If they want a Reiki day, I give that to them. I have a Reiki chef if somebody wants to have wholesome soul food. I also have partnerships with really healthy restaurants that I’m grateful that I work with in the area to be like, Why don’t you order this healthy option? Because I want them to understand their human vessel, because they’re only locked into their music mind. 

I had to learn that rest equals reward and I’ve had to learn to balance that. I also love to be in the studio. I love to make music. I wish I had more time to be creative. I wish I could make more time.
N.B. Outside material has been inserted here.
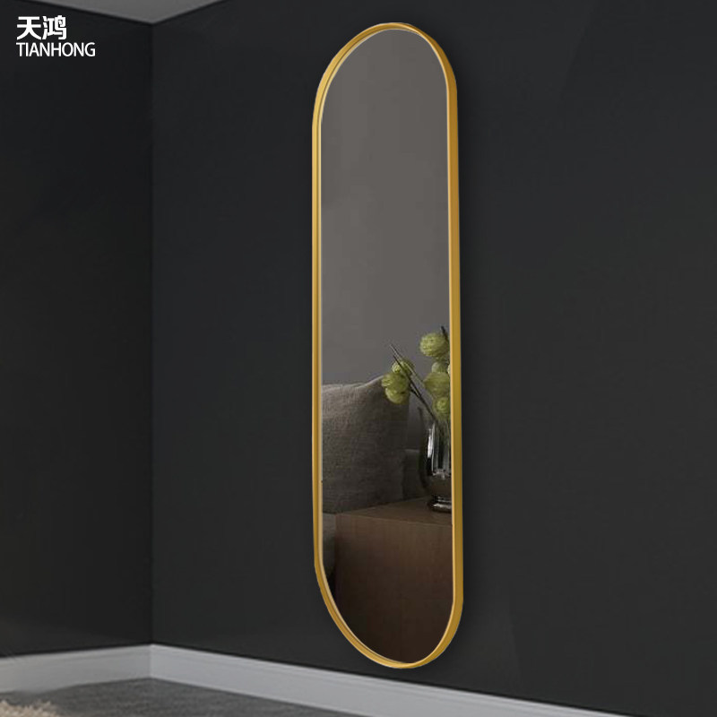 Light luxury full-length mirror golden frame bedroom full-length mirror wall hanging home full-length mirror wall stereo mirror ins wind

I’ll be in here in a session, then I’ll be doing a couple of Reiki sessions a day, then it’s admin work, making sure the business is running, doing events in and outside of here, helping other people partner together and helping them just see how important this work is.

Reiki is an energy that has built up for as many years as you’ve been on this planet, and there’s so much wisdom, but there’s also so much trauma and wounds and healing that live within our body from trauma. So for me, it is being able to clear the blockages and the channels energetically with non-touch therapy and also being able to cut back. It’s really just allowing yourself to release all this energy that’s stuck in the body.

To heal the world and really embrace and enhance the mental health of the industry is my mission. And it’s also my goal for the music industry, in addition to the sports industry and the wellness community, because I’ve been in wellness for over a decade in Miami and beyond.

I just feel like there’s so much room for our industry to bring in meditation and healing and self-awareness. I know we can all adapt and transmute differently once the gate is open to do that. We have to heal the world. This is all I want to do in my lifetime. Me being of service for this lifetime is healing the world, helping bring in this wellness industry, helping heal and raise the mental health of our industry.